*** Study material Section Begins ***
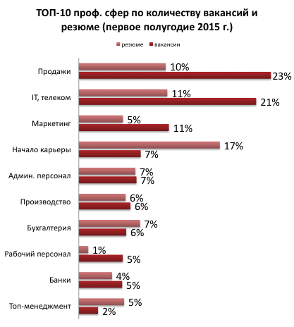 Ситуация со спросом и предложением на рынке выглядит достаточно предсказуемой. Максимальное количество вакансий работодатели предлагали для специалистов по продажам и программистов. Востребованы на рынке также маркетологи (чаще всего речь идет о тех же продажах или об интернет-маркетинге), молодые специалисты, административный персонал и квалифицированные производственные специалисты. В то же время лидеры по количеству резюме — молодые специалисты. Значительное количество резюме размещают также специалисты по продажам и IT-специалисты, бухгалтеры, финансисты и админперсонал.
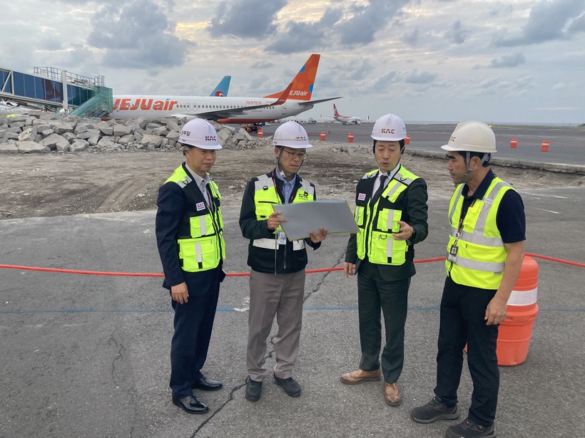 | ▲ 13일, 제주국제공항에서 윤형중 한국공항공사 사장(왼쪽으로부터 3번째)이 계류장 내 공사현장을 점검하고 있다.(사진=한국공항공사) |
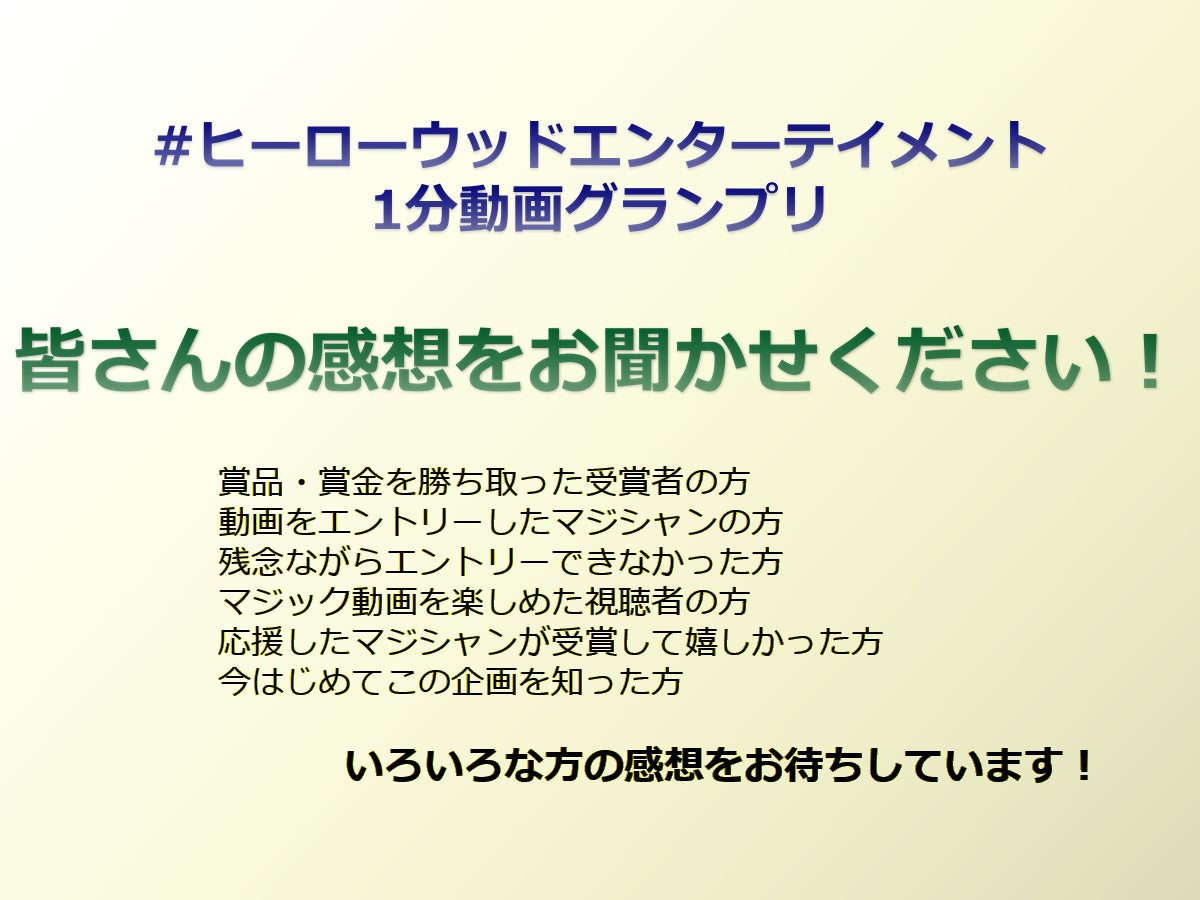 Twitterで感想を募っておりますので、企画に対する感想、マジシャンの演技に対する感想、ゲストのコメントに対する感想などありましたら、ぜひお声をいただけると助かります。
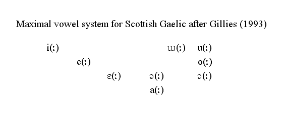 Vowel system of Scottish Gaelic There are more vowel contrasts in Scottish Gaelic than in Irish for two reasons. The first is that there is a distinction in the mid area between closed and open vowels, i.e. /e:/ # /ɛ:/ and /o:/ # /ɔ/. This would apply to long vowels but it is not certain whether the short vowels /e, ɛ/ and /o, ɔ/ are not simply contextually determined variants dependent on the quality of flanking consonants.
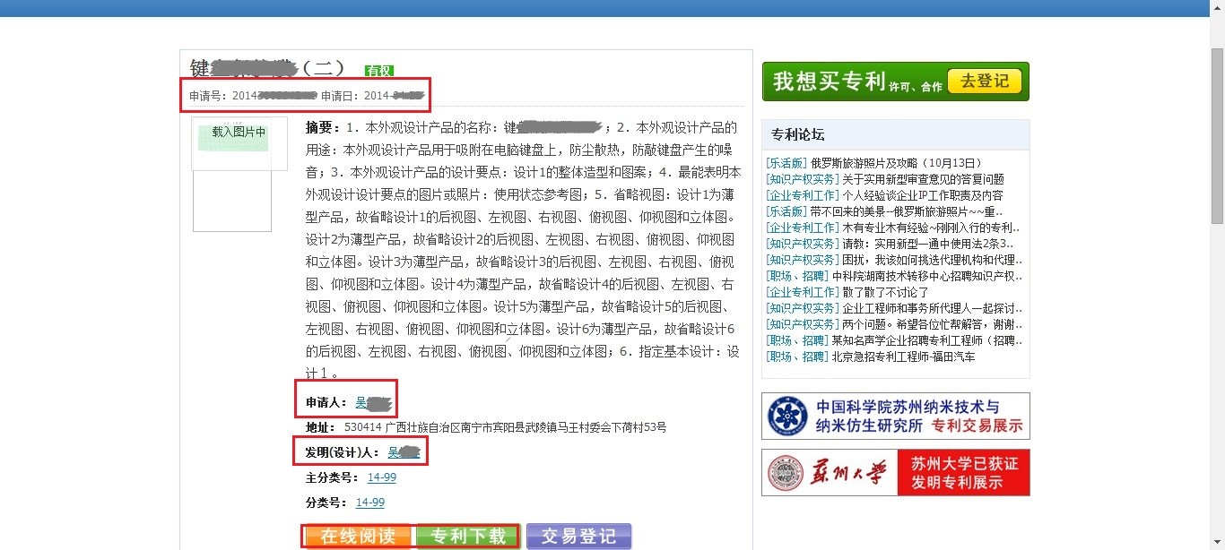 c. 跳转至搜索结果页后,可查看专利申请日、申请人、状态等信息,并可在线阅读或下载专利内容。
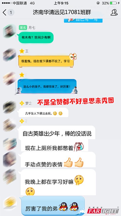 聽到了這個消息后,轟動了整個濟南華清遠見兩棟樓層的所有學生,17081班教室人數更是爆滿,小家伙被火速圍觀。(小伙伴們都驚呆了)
*** Study material Section Ends ***
*** Study material Section Begins ***
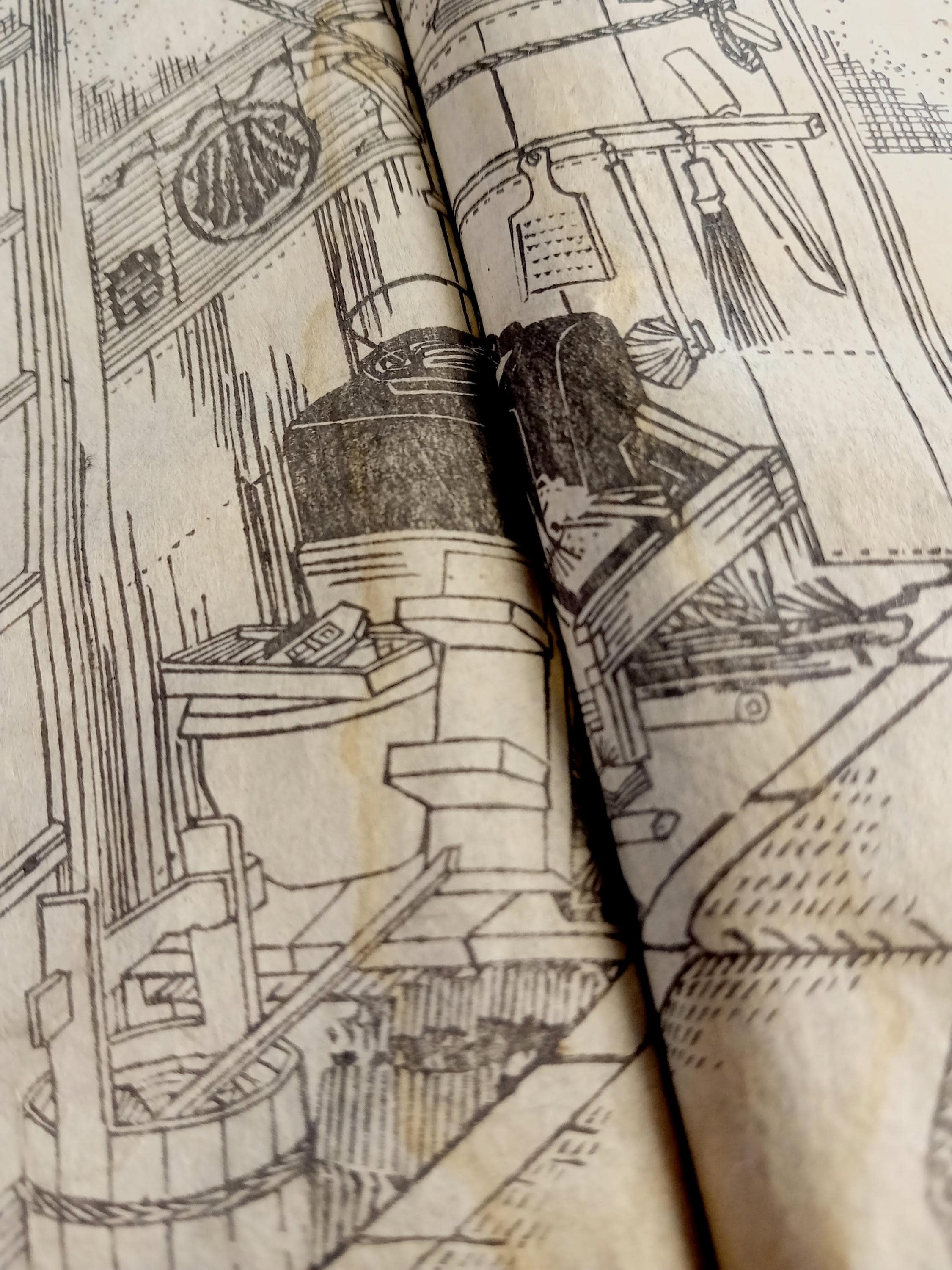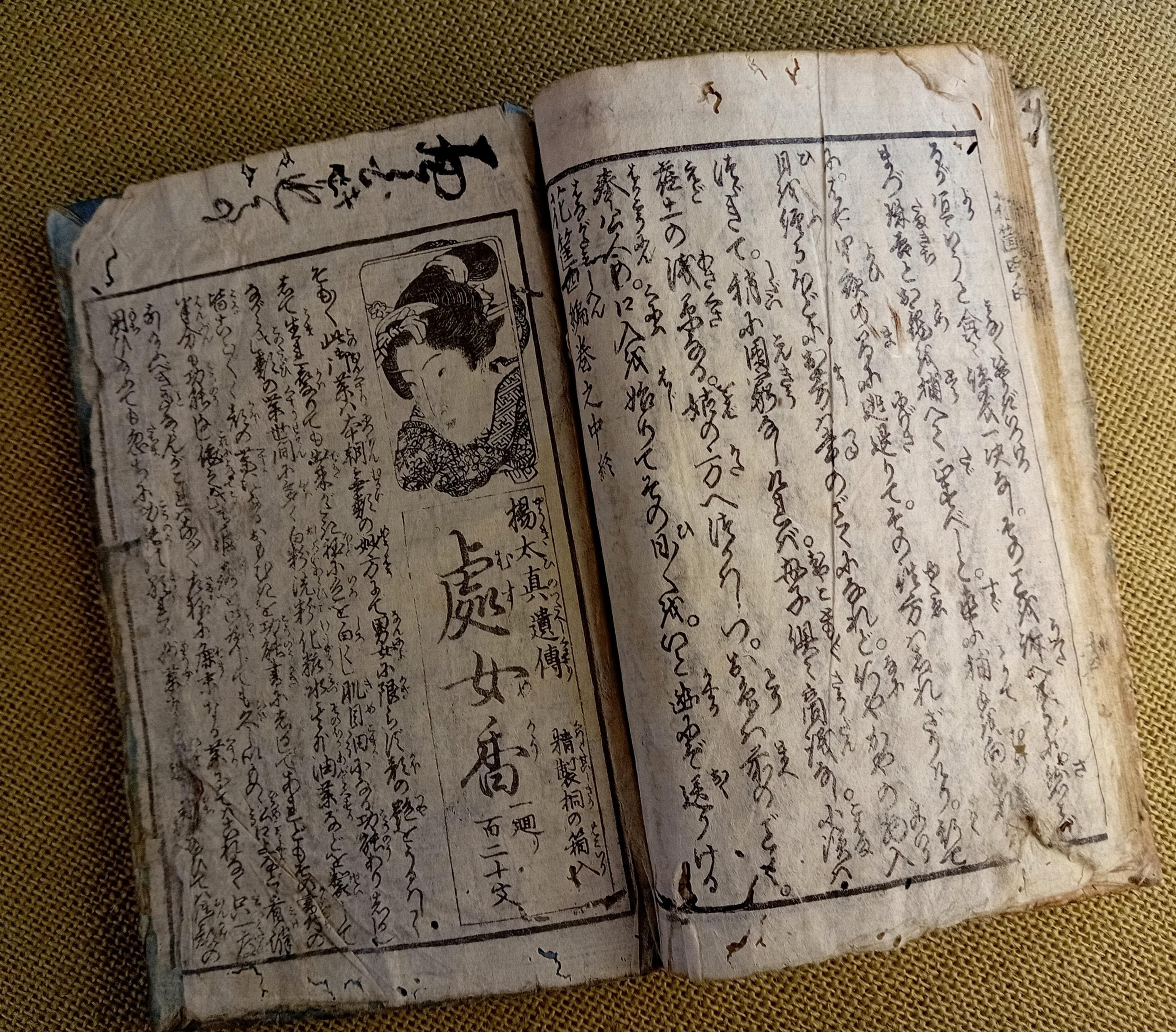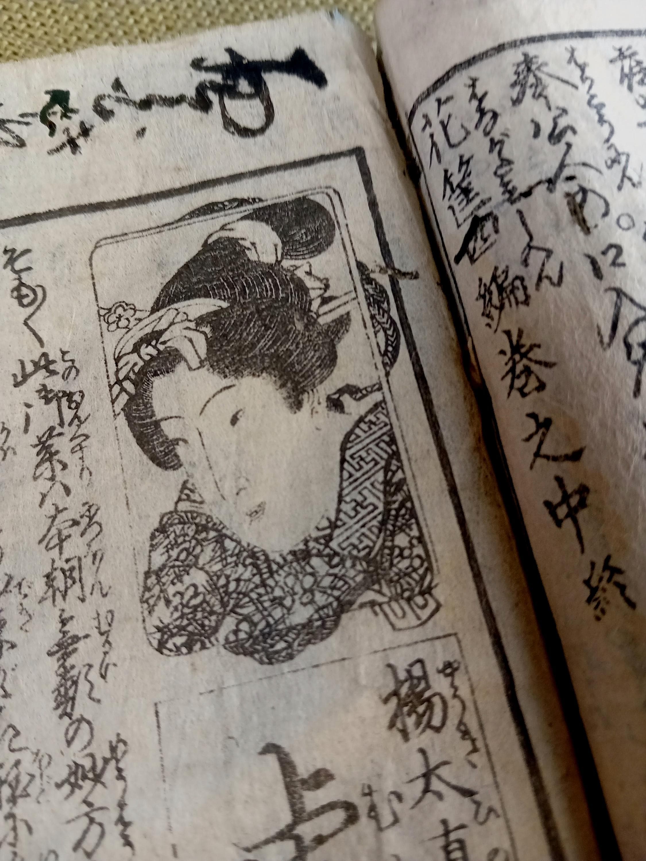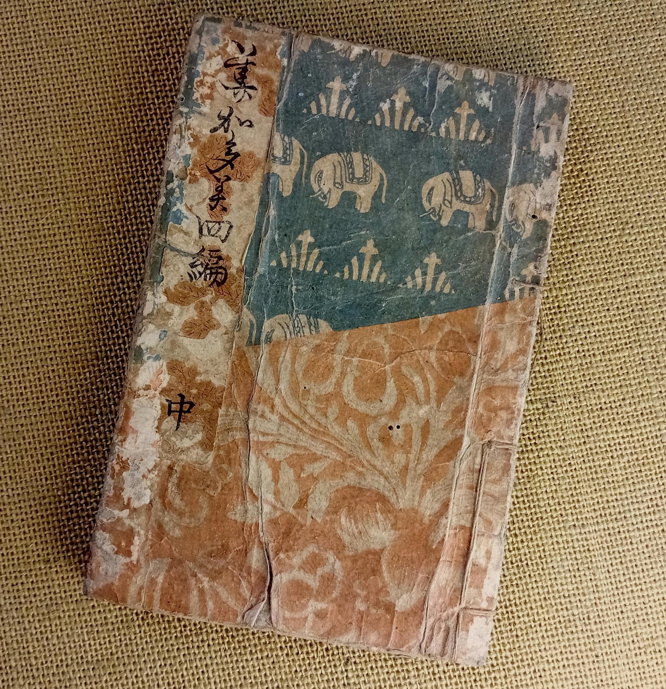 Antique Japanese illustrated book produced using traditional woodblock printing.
*** Study material Section Ends ***
Work to be completed: In the records above, everything from the line with "c. 跳转至搜索结果页后,可" down to the line with "聽到了這個消息后,轟動了整個" must be duplicated exactly, both lines kept. Leave no pictures in.

Worked solution:
 c. 跳转至搜索结果页后,可查看专利申请日、申请人、状态等信息,并可在线阅读或下载专利内容。
 聽到了這個消息后,轟動了整個濟南華清遠見兩棟樓層的所有學生,17081班教室人數更是爆滿,小家伙被火速圍觀。(小伙伴們都驚呆了)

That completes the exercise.